### Task brief
Return the data exactly, without pictures.

(Stored data)

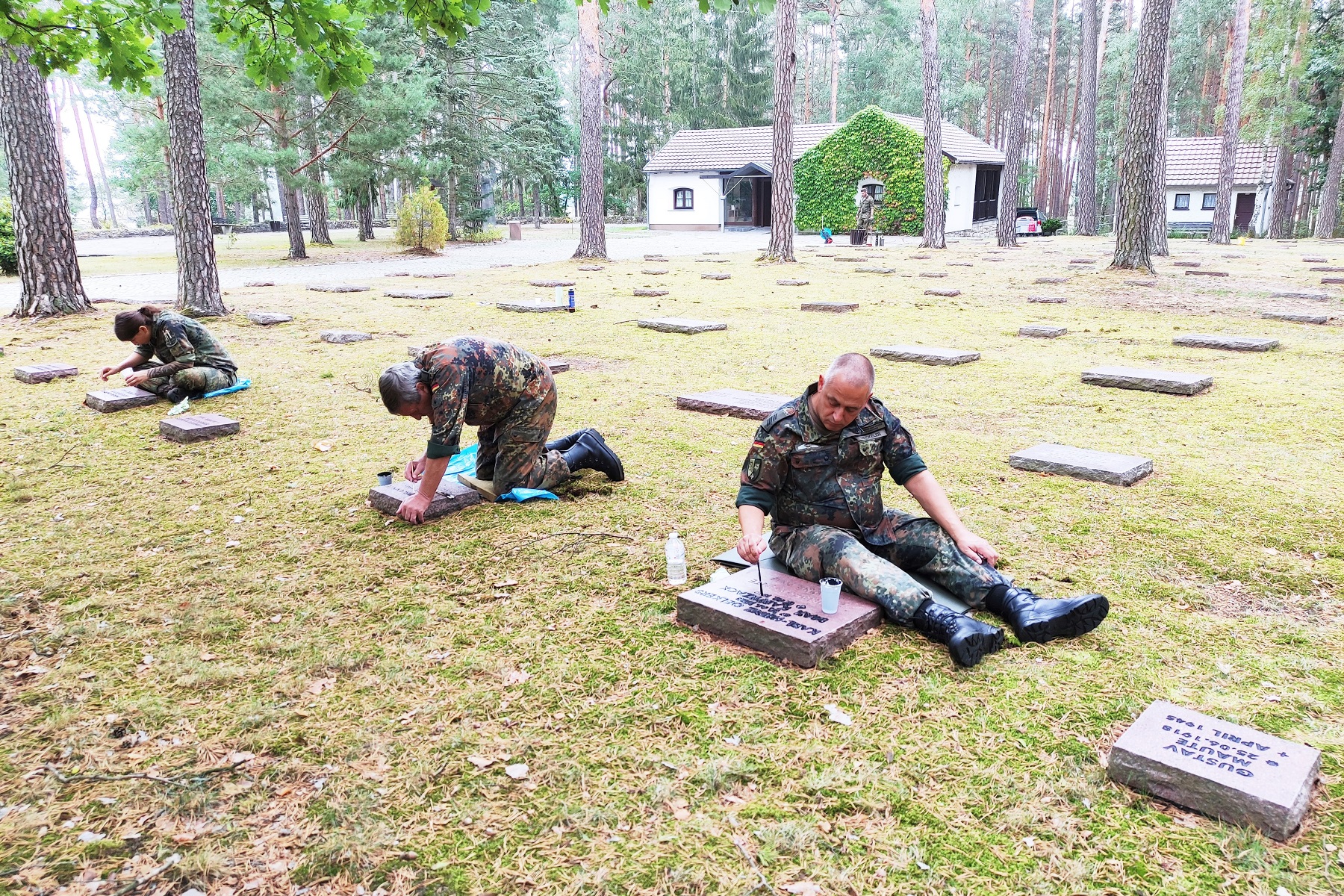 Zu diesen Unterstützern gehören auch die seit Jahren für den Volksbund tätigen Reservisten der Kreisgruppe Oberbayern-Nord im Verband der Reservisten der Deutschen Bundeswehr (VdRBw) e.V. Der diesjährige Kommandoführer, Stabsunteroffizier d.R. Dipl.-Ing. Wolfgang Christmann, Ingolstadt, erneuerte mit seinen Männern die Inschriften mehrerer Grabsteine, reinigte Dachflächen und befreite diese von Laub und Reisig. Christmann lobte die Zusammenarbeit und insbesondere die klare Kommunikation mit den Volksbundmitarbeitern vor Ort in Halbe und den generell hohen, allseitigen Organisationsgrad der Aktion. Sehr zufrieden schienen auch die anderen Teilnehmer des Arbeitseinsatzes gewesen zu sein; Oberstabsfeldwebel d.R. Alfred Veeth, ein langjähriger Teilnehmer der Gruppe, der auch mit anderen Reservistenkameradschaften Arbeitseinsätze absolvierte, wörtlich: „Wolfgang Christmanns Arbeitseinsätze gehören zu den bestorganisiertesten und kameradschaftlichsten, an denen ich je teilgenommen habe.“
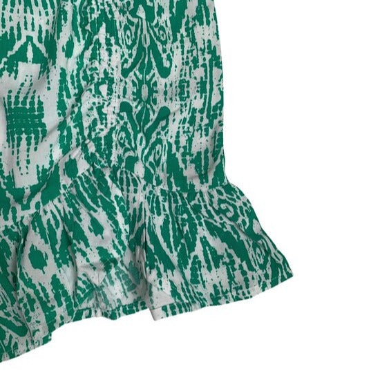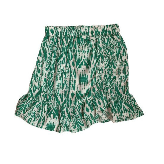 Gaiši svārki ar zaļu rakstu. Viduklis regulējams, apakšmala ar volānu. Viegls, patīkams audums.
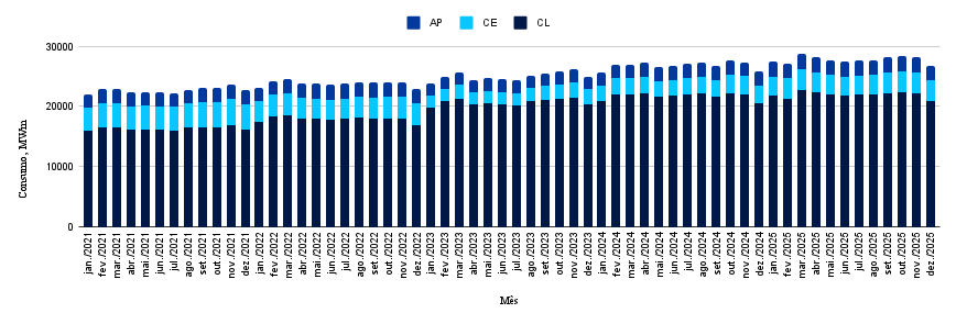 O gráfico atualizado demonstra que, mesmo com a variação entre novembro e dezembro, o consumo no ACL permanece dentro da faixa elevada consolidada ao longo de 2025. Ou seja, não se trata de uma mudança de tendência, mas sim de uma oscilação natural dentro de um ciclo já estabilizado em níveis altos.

(End Stored data)

### Your solution
 Zu diesen Unterstützern gehören auch die seit Jahren für den Volksbund tätigen Reservisten der Kreisgruppe Oberbayern-Nord im Verband der Reservisten der Deutschen Bundeswehr (VdRBw) e.V. Der diesjährige Kommandoführer, Stabsunteroffizier d.R. Dipl.-Ing. Wolfgang Christmann, Ingolstadt, erneuerte mit seinen Männern die Inschriften mehrerer Grabsteine, reinigte Dachflächen und befreite diese von Laub und Reisig. Christmann lobte die Zusammenarbeit und insbesondere die klare Kommunikation mit den Volksbundmitarbeitern vor Ort in Halbe und den generell hohen, allseitigen Organisationsgrad der Aktion. Sehr zufrieden schienen auch die anderen Teilnehmer des Arbeitseinsatzes gewesen zu sein; Oberstabsfeldwebel d.R. Alfred Veeth, ein langjähriger Teilnehmer der Gruppe, der auch mit anderen Reservistenkameradschaften Arbeitseinsätze absolvierte, wörtlich: „Wolfgang Christmanns Arbeitseinsätze gehören zu den bestorganisiertesten und kameradschaftlichsten, an denen ich je teilgenommen habe.“
 Gaiši svārki ar zaļu rakstu. Viduklis regulējams, apakšmala ar volānu. Viegls, patīkams audums.
 O gráfico atualizado demonstra que, mesmo com a variação entre novembro e dezembro, o consumo no ACL permanece dentro da faixa elevada consolidada ao longo de 2025. Ou seja, não se trata de uma mudança de tendência, mas sim de uma oscilação natural dentro de um ciclo já estabilizado em níveis altos.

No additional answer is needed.